Named Switzerland’s Best Chef 2020, Grandijts won two Michelin stars and his “Tanja Vegetarisch” won four literary awards. Michelin-starred Maertz is a celebrity on the German food scene. Vatinel is an independent chef who offers healthy dishes and shares eco-responsible tips on her Instagram.

“I’m out of my league, I can’t believe I won against these other books,” said Yupangco, the only non-professional among the winners.

Monggo Bolognese is the vegan version of Pinoy Sweet Spaghetti, using mashed mung beans instead of ground beef.

Food safety

What sets “Mesa ni Misis” apart is its advocacy. While the other books focus on sensory delights and dishes for the affluent society, “Mesa ni Misis” is aimed at an underserved market. She interviewed parents of children in public schools to find out if they had cooking equipment. Recipes take into account limited household appliances.

“I wouldn’t include broccoli or carrots or use any recipes that require a blender. I would mash the food instead, ”she argues.

Once again fully sponsored, “Mesa ni Misis” is in its second draw, stamped with the Best in the World Gourmand Book Awards label.

“Mesa ni Misis” is also a non-governmental organization that promotes healthy alternatives to the oily, starchy and sugary Pinoy diet that leads to heart disease and diabetes. Yupangco started the Mesa ni Misis educational program through the MovEd Foundation in 2018. She spread the word about a plant-based diet in three public schools in Makati. Through the Binhi English Literacy Foundation, she ran programs at a primary school in Tondo. One of his main topics of discussion is the “Plantlasang Pinoy Plate”, a local version of food groups for a balanced vegetarian meal.

At the start of the pandemic, she launched two community programs: Kusina Connection served vegan meals to frontline people, at-risk communities and nursing homes.

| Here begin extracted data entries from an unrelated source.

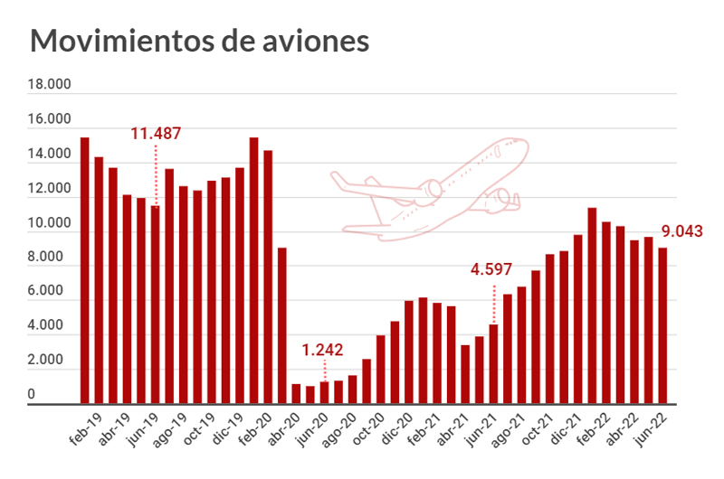 Respecto del número de operaciones (movimiento corresponde a un aterrizaje o un despegue), se registraron 9.043 durante junio, lo que equivale a un alza de 96,7% en relación al mismo mes de 2021. Para los seis primeros meses del año se contabilizan 60.472 operaciones, es decir, más del doble de lo que se registró el ejercicio pasado (104,9%).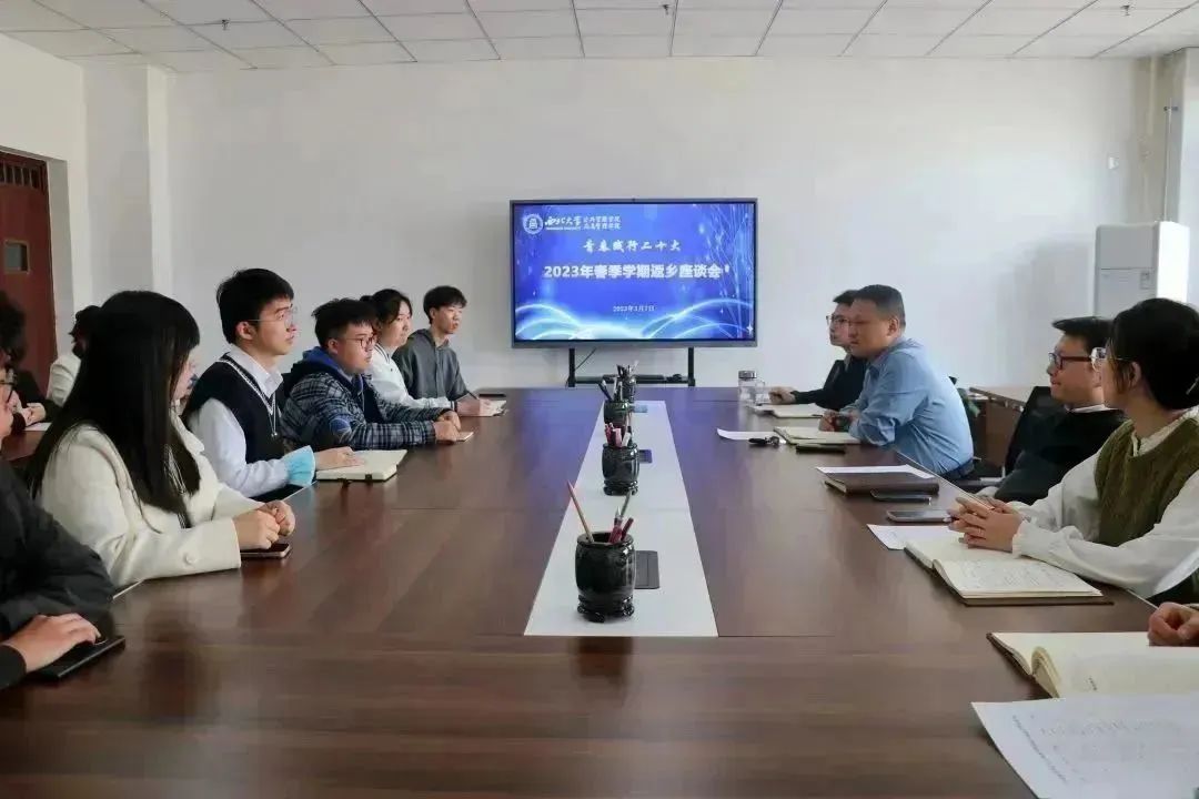 2023年3月7日下午,西北大学565net必赢组织召开2023年春季学生返乡座谈会。学院党委副书记韩杰老师、2019级本科生辅导员陈露老师、2020级本科生辅导员杨嘉仪老师、研究生辅导员苏林老师、2021级本科生辅导员杨琬钰老师、2022级本科生辅导员王晶玉老师以及来自学院各年级的14位本科生、研究生代表参加了此次座谈会。本次座谈由韩杰老师主持。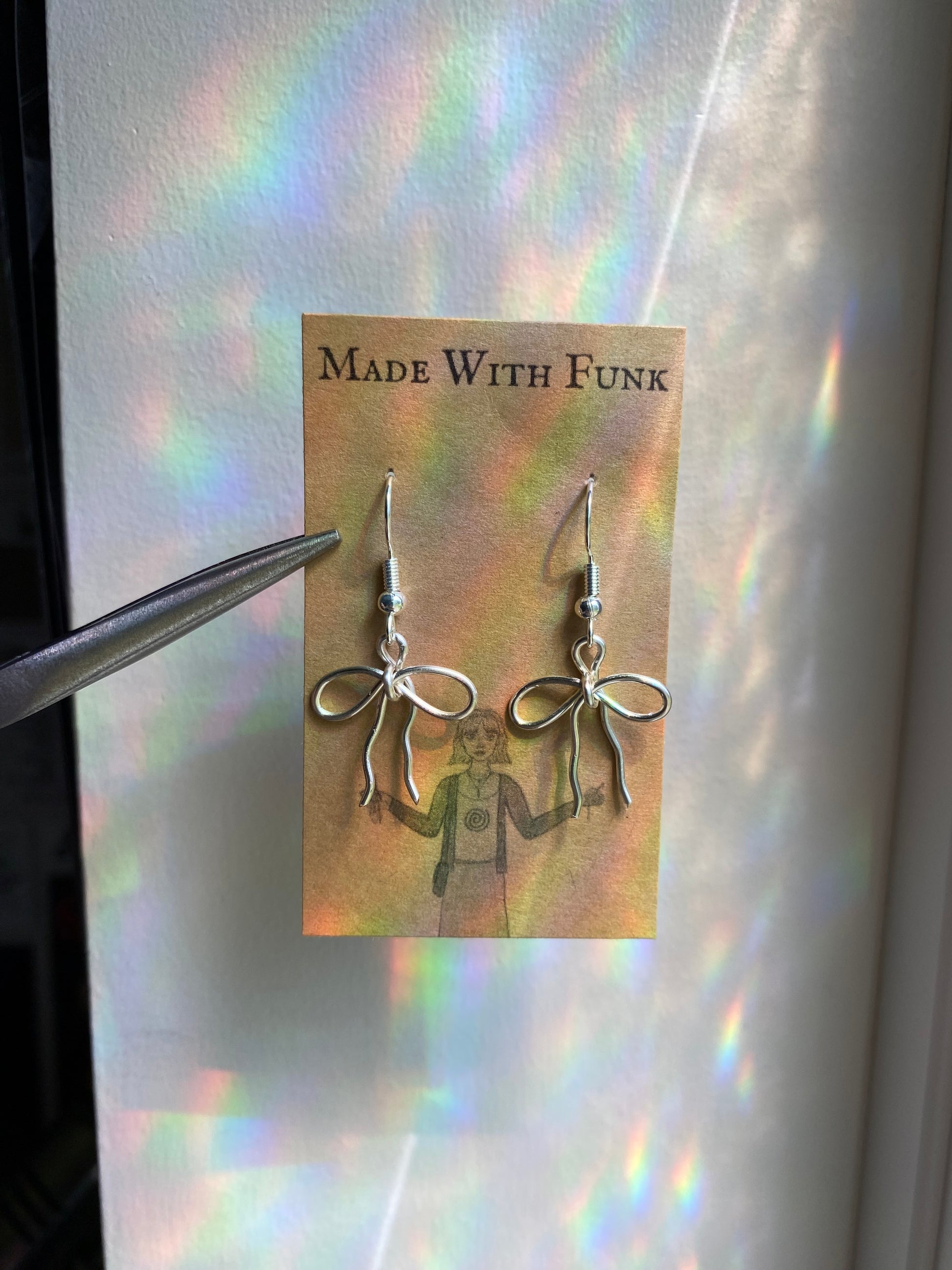 Handmade wire bows made with silver coloured, tarnish resistant wire.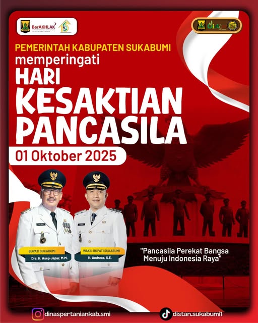 Dinas Pertanian Kabupaten Sukabumi Mengucapkan Hari Kesaktian Pancasila 01 Oktober 2025GARUDA SAKTI NEWS01/10/202516/10/2025Berita, SUKABUMI25866 Views Post Views: 25,866 Don't MissDisdukcapil Sukabumi Buka Layanan Adminduk di Tiga Titik Saat Touring Ngabumi & Geopark Fun Rally 2025Polres Sukabumi Gelar Apel Kesiapan Tanggap Darurat Bencana di PalabuhanratuAl Umanaa Jadi Rujukan Nasional, BI Sulawesi Tenggara Studi Tiru Ekonomi Syariah dan Kemandirian PesantrenPEMDES Sukamaju Kec. Cikakak Gelar Gotong Royong Perbaiki Irigasi Ciodeng Pasir Badak, Perkuat Kepedulian dan Kekompakan WargaPEMKAB. Sukabumi Tata Ulang Geopark Information Center untuk Perkuat Daya Tarik Wisata DuniaDLH Kabupaten Sukabumi Dampingi Wabup Tinjau Lokasi Pasca Bencana di Cisolok : Pastikan Penanganan Lingkungan Berkelanjutan

Market ni Misis was a mobile palengke of cheaper produce, made in partnership with the farmers of Benguet, the mayor of Taguig Lino Cayetano and other local governments.

Today, Yupangco produced short videos on nutrition, meditation, and the herbal arts for Makati’s Largest Public School in Comembo, Makati. She continues the online business webinars on native vegetables and nutrition.

Engaged in his advocacy, Yupangco received a scholarship for an online food safety course from the University of Edinburgh. For her final thesis, she offers an article on cooking with Filipino vegetables.


“Mesa ni Misis” is available online at Shopee and Lazada, and in specialty stores such as Real Food and Vegan Grocer. The Kindle version is available on Amazon.